В бухте Отрада (рассказы) - Алексей Новиков-Прибой
Шрифт:
Интервал:
Закладка:
Обратились к авторитету фельдшера, к молодому щеголеватому человеку с рыжими пейсиками на висках.
- Скажите на милость, как понять матроса Зудина?
Тот, подбоченившись, приподняв брови, начал говорить долго и пространно о душевнобольных, пересыпая свою речь непонятными медицинскими словами, и наконец закончил:
- Проще сказать - шалый он.
- Вот это верно, - подхватили матросы. - Так бы прямо и сказали. А то путали, путали...
- А не опасный он? - справились у фельдшера более робкие из них.
- Нет, нисколько.
С тех пор матроса Зудина стали прозывать Шалым.
В ближайшее воскресенье, в прекрасный солнечный день, когда очередное отделение команды готовилось "гулять на берег", Шалый явился в каюту старшего офицера, заградив собою весь квадрат открытых дверей.
- Ты зачем сюда? - строго спросил Филатов.
- Отпустите в город, - не поднимая головы, процедил Шалый.
- Не могу...
- Почему?
- Потому что ты...
Старший офицер вскочил со стула, сразу замолчал и попятился назад, в угол каюты, точно толкаемый невидимой силой, а на него из глубоких орбит, окруженных синяками, мрачно уставилась пара темных глаз. Он впервые увидел лицо Шалого, не по годам изношенное, измученное, с крупной трагической складкой поперек лба, и, чувствуя страх, смешанный с жалостью, к этому несчастному человеку, заговорил снисходительно:
- Хорошо, хорошо, иди в город...
Шалый продолжал стоять, точно ничего не понимая.
- Говорят тебе, иди! Отпускаю я тебя, понимаешь? - возвысив голос, закричал Филатов, точно перед ним стоял глухой.
Шалый молча повернулся и медленно зашагал от каюты.
- Черт знает что такое! - посмотрев ему вслед, рассердился старший офицер на самого себя. - Напрасно отпустил...
А в городе в этот же день с Шалым встретился боцман, который, немного подвыпив, быстро шел по тротуару на рынок, часто поглядывая по сторонам, чтобы не пропустить офицеров без отдания чести. Два противника почти столкнулись нос с носом и на минуту остановились, точно в раздумье.
- Ну? - подавленно произнес Задвижкин.
- Что ну? - спросил Шалый, мотнув головою.

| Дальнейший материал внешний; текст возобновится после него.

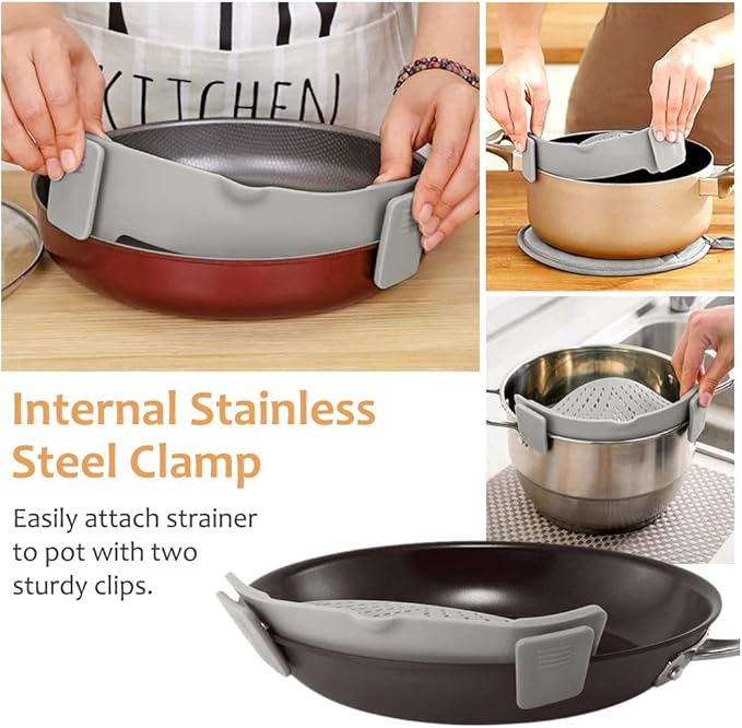 YEVIOR Clip on Strainer for All Pots Pan,Silicone Pasta Strainer Kitchen Gadgets,Collapsible Colander for Noodle,Vegetables,Fruit,Spaghetti (Grey)

И опять, как и при первой встрече с этим матросом, страшно стало боцману, опять в его душу закрался холодный ужас. Повернувшись, он проворно зашагал на другую сторону улицы, отчаянно ругаясь и часто оглядываясь, точно боясь погони.
На следующий день старший офицер, позвав к себе боцмана, спросил:
- Ну, как этот идиот, Зудин, исправляется?
Боцману стыдно было признаться в своем бессилии, еще больше - в своей трусости, которой он - решительный и храбрый - никогда не знал за собою.
- Будьте спокойны, ваше высокоблагородие, - мы из быка сделаем матроса.
- А как обязанности он свои выполняет?
- Великолепно, ваше высокоблагородие! - невольно уже врал боцман дальше.
Старший офицер, удовлетворенный таким ответом, на этом успокоился.
III
"Залетная", выкрашенная в белый цвет, чисто вымытая, отправилась наконец в свой дальний путь.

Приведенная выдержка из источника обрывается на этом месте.